## Dataset excerpt:

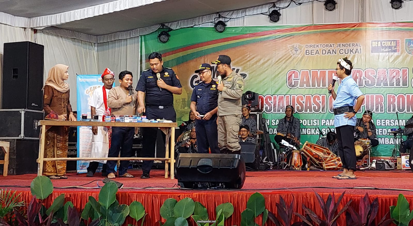 mediapetisi.net – Sosialisasi Gempur Rokok Ilegal di kabupaten Jombang dikemas pertunjukan rakyat berupa Campursari dengan cerita Besutan mengambil tema Perundang – undangan Rokok ilegal digelar oleh Satuan Polisi Pamong Praja bersama Bea Cukai Kediri. dengan narasumber dari Fungsional Pemeriksa Bea Cukai Kediri Rudi Suprianto. Bertempat di UPT sub Terminal Ngoro. Rabu malam (5/10/2022)
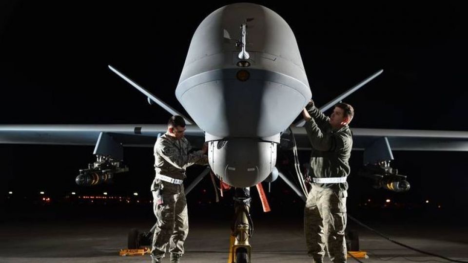 پهپاد MQ-۱ نزدیک تر و MQ-۹ دورتر از دوربین
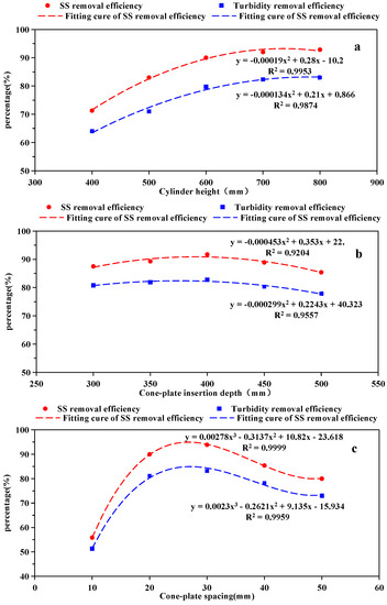 The SS and turbidity of the treated coal mine water were sampled and analyzed. The SS and turbidity removal efficiency were then calculated from the values of the raw coal mine water. The effects of cylinder height, cone-plate insertion depth and cone-plate spacing on SS and turbidity removal efficiency are shown in Figure 10a–c, respectively.

## Work required:
Drop the pictures, then reproduce exactly the lines from the one with "پهپاد MQ-۱ نزدیک تر و MQ-۹ دورتر از دوربین" through the final line of the listing.

## Exercise answer:
 پهپاد MQ-۱ نزدیک تر و MQ-۹ دورتر از دوربین
 The SS and turbidity of the treated coal mine water were sampled and analyzed. The SS and turbidity removal efficiency were then calculated from the values of the raw coal mine water. The effects of cylinder height, cone-plate insertion depth and cone-plate spacing on SS and turbidity removal efficiency are shown in Figure 10a–c, respectively.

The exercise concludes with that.